The critically acclaimed comedy TV series Broad City will be debuting its fourth season in August 2017. The show follows two Jewish-American twenty-something women, Iliana and Abbi, as they experience the misadventures of “making it” in New York City.

By User:Mistaknows (Own work) [CC BY-SA 3.0 (http://creativecommons.org/licenses/by-sa/3.0)], via Wikimedia Commons
Co-creator Iliana Glazer plays Ilana Wexler, a marijuana enthusiast who often seems to be oblivious to how her outrageous antics affect the people around her. She often drags her best friend Abbi along for the ride. Abbi Abrams is played by co-creator Abbi Jacobson. Abbi plays a struggling artist working in a fitness center as she struggles to be responsible and free-spirited at the same time.

Glazer and Jacobson started the series on YouTube in 2010, gaining momentum as well as the attention of Amy Poehler. Poehler became executive producer of the show once it came to TV. Since its premiere in 2014, Broad City has averaged 1.2 million views per episode, making it Comedy Central’s highest-rated first season among adults 18-34.

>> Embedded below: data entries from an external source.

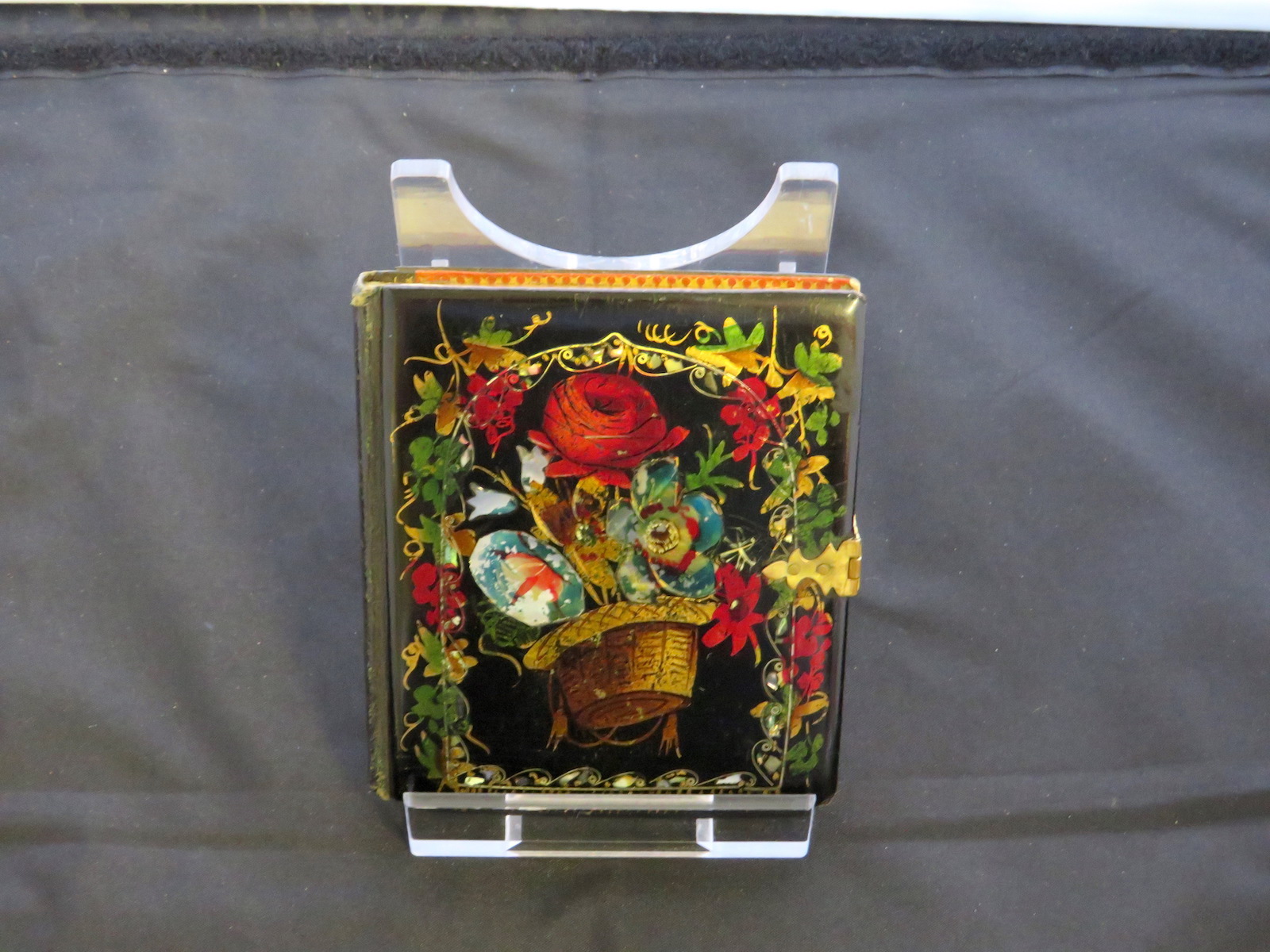 Victorian Lacquered Wood Photograph Frame Case, Painted Basket of Flowers, circa Mid 19th Century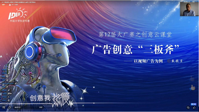 5月15日至6月15日,公司邀请全国大广赛江西赛区副秘书长戴微星,通过网络在线课堂形式为讲授全国大广赛的发展历程、广告创意“三板斧”、第十二届大广赛命题解析、视频广告创意与执行等内容,本次活动中,线上集中辅导共计6次,每次3小时左右,全院共200余师生参加此次系列辅导活动。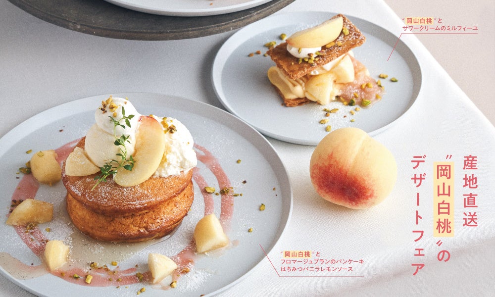 自慢のパンケーキでは、フレッシュピーチとベイクドピーチをアレンジした2種類のメニューを提供するほか、桃一つを贅沢に使用して話題を集めた“まるごとパンケーキ”が岡山白桃バージョンとなって復活。また、ミルフィーユやタルト、クランブルパイなど多種多様な桃デザートを展開いたします。芳醇な香り、やわらかい果肉、上品な甘み。獲れたてのジューシーな岡山白桃をたっぷりとご堪能ください。
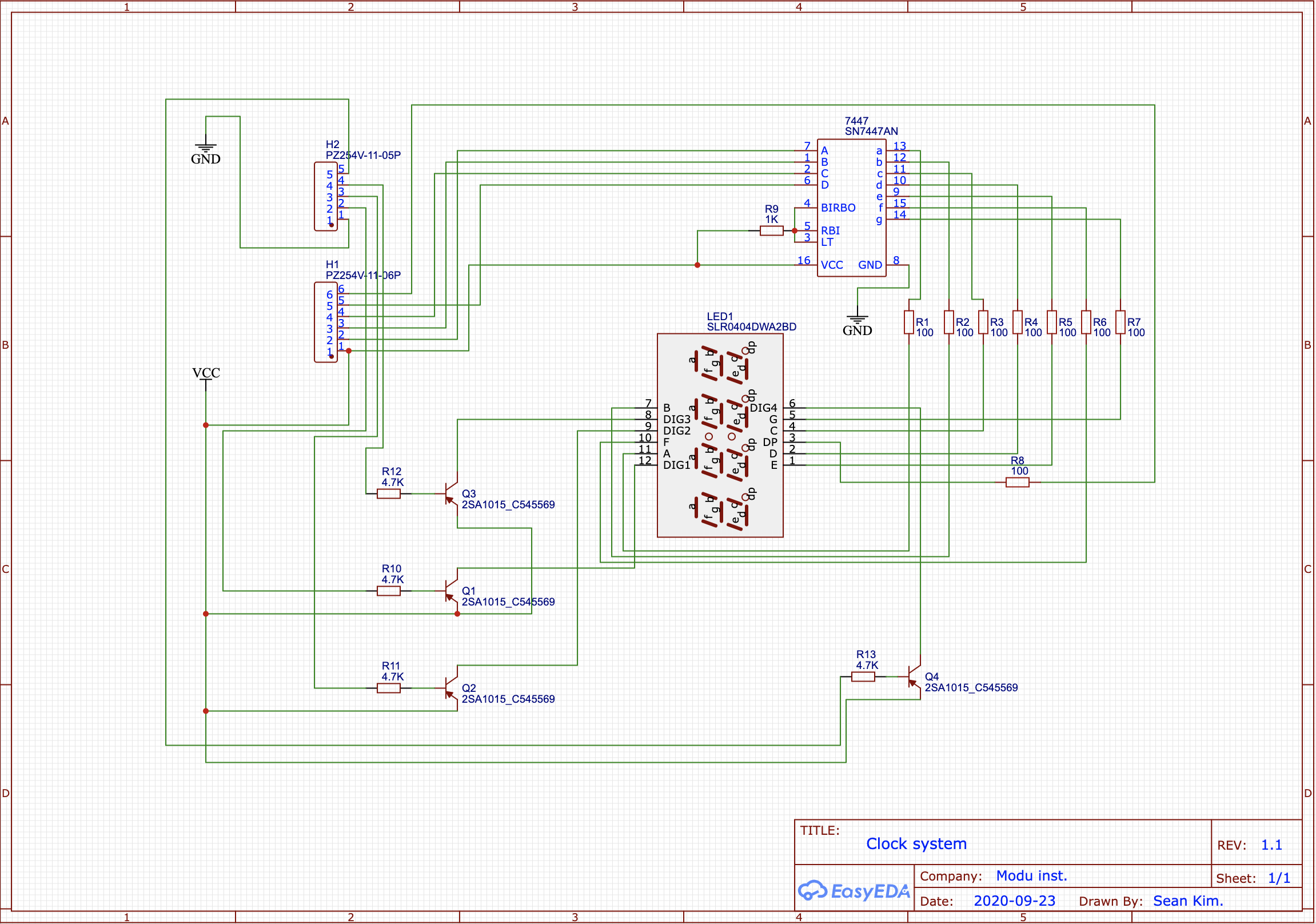 [PCB Fabrication 02] - 4_Digit 7_Segments with SN7447AN Rev.1.1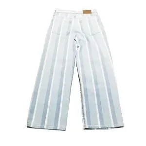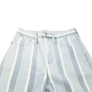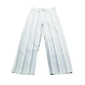 Madewell Jeans Women's 25 Slim Wide-Leg Crop Striped Denim Light Wash (27x25)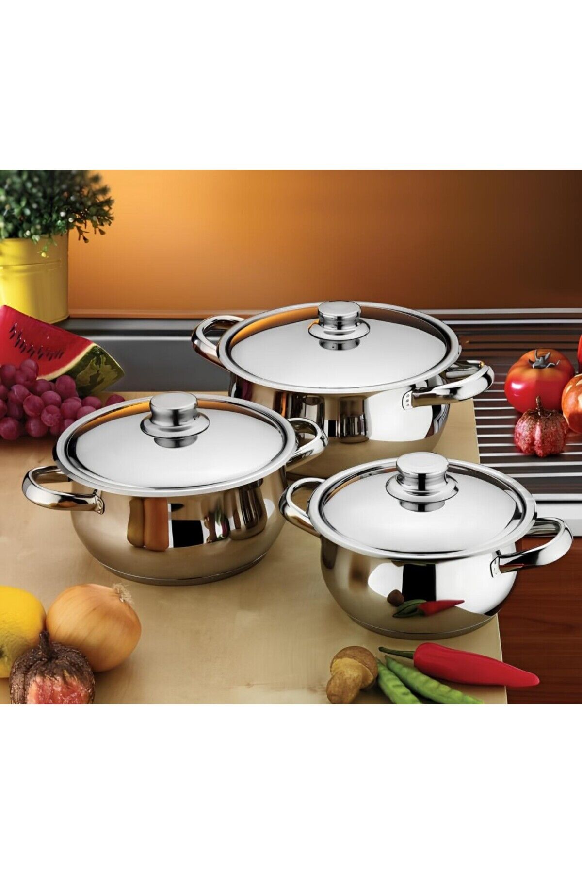 Milenyum 6 Parça Tencere Set İçeriği -12cm Derin Tencere -14cm Derin Tencere -16cm Derin Tencere (LÜTFEN TENCERE ÖLÇÜLERİNE DİKKAT EDİNİZ) KULLANMA VE BAKIMI Tencerelerinizi susuz olarak ocakta bırakmayın. ; Temizlemek için sabunlu ılık su kullanın. ; Sert temizleyicileri kullanmayın. ; Çıkmayan lekeler için sıcak sirkeli su tavsiye edilir. ; KALİTE NİTELİKLERİ Çok uzun ömürlü ve yüksek kaliteli 18-10 Cr-Ni paslanmaz çelikten imal edilmiştir. ; Tencereleriniz en az enerji ile kısa zamanda pişirme imkanına sahiptir. ; Tencereleriniz elektrikli, gazlı, halojen veya seramik ocakta pişirme imkanı sağlar. ; Hijyenik ve dayanıklıdır. ; Ömür boyu kullanılabilir. ; Isıyı muhafaza eden süper kapsül tabana sahiptir.;

The female comedy duo was asked on the red carpet in June whether they were feminists, to which they replied, “well, obviously.”

By Internet Week New York [CC BY 2.0 (http://creativecommons.org/licenses/by/2.0)], via Wikimedia Commons

Jacobson: I would totally say I’m a feminist. I don’t find it to be negative at all.”

Glazer: I feel like a feminist is gender equality. You know, we’re feminists… the people who work on the show are feminists.

From Charlie Chaplin, to Chris Farley, to Workaholics, male slapstick comedians have been the norm. But Broad City falls in step with some of the other female slapstick comedians, like Lucille Ball, Carol Burnett, and Molly Shannon. Breaking the gendered expectation to be coy and graceful allows these women to enter a field of comedy that is usually male-dominated.